We construct a list using the list() function. For example:

my_list <- list(1:5, c("apple", "carrot"), c(TRUE, TRUE, FALSE))
my_list
[[1]]
[1] 1 2 3 4 5

[[2]]
[1] "apple"  "carrot"

[[3]]
[1]  TRUE  TRUE FALSE

This list consists of three elements referred to as “list items” or “items”, which are atomic vectors of different types of data (numeric, character, and logical).

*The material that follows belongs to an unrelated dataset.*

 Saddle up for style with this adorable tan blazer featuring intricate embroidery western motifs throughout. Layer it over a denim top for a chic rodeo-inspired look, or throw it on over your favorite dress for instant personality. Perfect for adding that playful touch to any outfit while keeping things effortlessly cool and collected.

We can assign names to the list items:

my_list <- list(
              num = 1:5, 
              fruits = c("apple", "carrot"), 
              TF = c(TRUE, TRUE, FALSE))
my_list
$num
[1] 1 2 3 4 5

$fruits
[1] "apple"  "carrot"

$TF
[1]  TRUE  TRUE FALSE

We can also confirm that the class of the object is list:

class(my_list)
[1] "list"

 

9.2 Subsetting a list

9.2.1 Subset list and preserve output as a list

We can use the extraction operator [ ] to extract one or more list items while preserving the output in list format:

my_list[2]    # extract the second list item (indexing by position)
$fruits
[1] "apple"  "carrot"
class(my_list[2])
[1] "list"
my_list["fruits"]   # same as above but using the item's name
$fruits
[1] "apple"  "carrot"
my_list[c(FALSE, TRUE, FALSE)]    # same as above but using boolean indices (TRUE/FALSE)
$fruits
[1] "apple"  "carrot"

 

9.2.2 Subset list and simplify the output

We can use the [[ ]] to extract one or more list items while simplifying the output:

my_list[[2]]   # extract the second list item and simplify it to a vector
[1] "apple"  "carrot"
class(my_list[[2]])
[1] "character"
my_list[["fruits"]]   # same as above but using the item's name
[1] "apple"  "carrot"

We can also access the content of the list by typing the name of the list followed by a dollar sign $ folowed by the name of the list item:

my_list$fruits  # extract the numbers and simplify to a vector
[1] "apple"  "carrot"

One thing that differentiates the [[ ]] operator from the $ is that the [[ ]] operator can be used with computed indices and names. The $ operator can only be used with names.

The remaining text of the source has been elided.